Content starts

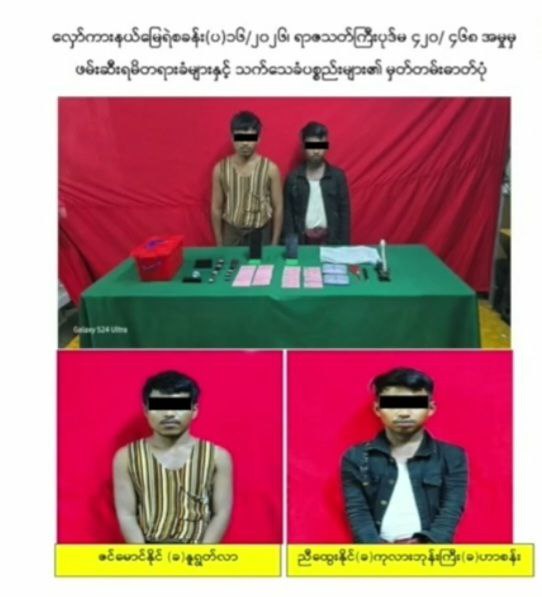 လှိုင်သာယာ(အရှေ့ပိုင်း)မြို့နယ်၊ အမှတ် (၂)ရပ်ကွက်၊ ဗထူး (၁၁) လမ်းတွင် ဇန်နဝါရီ ၁၄ ရက် ညနေ ၆ နာရီခန့်က ဝင်ရောက်ဖမ်းဆီးခဲ့ရာ ဂျင်မီအောင်(ခ)ကုလားကြီး(ခ)ဟာရွန်နှင့် ကျော်ထက်အောင်တို့ကို သက်သေခံပစ္စည်းများနှင့် အတူဖမ်းဆီးရမိခဲ့ကြောင်း သိရသည်။
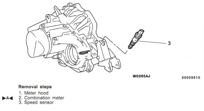 Подскажи пожалуйста, где установлен датчик скорости на Mitsubishi Space Star, 2002 год?
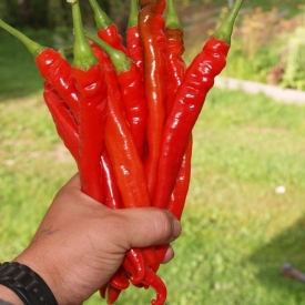 Сорт острого перца народной селекции, получивший название от рецепта квашения острого перца в Армении. Семена для выращивания этого сорта мы получили из Армении в 2014 году. Растение среднерослое, до 80 см в высоту, крепкое. Плоды остроконические до 23 см в длину, в технической зрелости имеют салатовый цвет, в биологической перецветают в красный. Острота от 1500 до 3500 SHU. Срок вегетации до технической зрелости 100–110 дней. Предназначен для выращивания в открытом грунте, в теплицах и парниках. Используется для кващения и маринования.

Content ends

What you will do ▸ The expected output is the material above, repeated exactly and free of pictures.

Task result ▸
 လှိုင်သာယာ(အရှေ့ပိုင်း)မြို့နယ်၊ အမှတ် (၂)ရပ်ကွက်၊ ဗထူး (၁၁) လမ်းတွင် ဇန်နဝါရီ ၁၄ ရက် ညနေ ၆ နာရီခန့်က ဝင်ရောက်ဖမ်းဆီးခဲ့ရာ ဂျင်မီအောင်(ခ)ကုလားကြီး(ခ)ဟာရွန်နှင့် ကျော်ထက်အောင်တို့ကို သက်သေခံပစ္စည်းများနှင့် အတူဖမ်းဆီးရမိခဲ့ကြောင်း သိရသည်။
 Подскажи пожалуйста, где установлен датчик скорости на Mitsubishi Space Star, 2002 год?
 Сорт острого перца народной селекции, получивший название от рецепта квашения острого перца в Армении. Семена для выращивания этого сорта мы получили из Армении в 2014 году. Растение среднерослое, до 80 см в высоту, крепкое. Плоды остроконические до 23 см в длину, в технической зрелости имеют салатовый цвет, в биологической перецветают в красный. Острота от 1500 до 3500 SHU. Срок вегетации до технической зрелости 100–110 дней. Предназначен для выращивания в открытом грунте, в теплицах и парниках. Используется для кващения и маринования.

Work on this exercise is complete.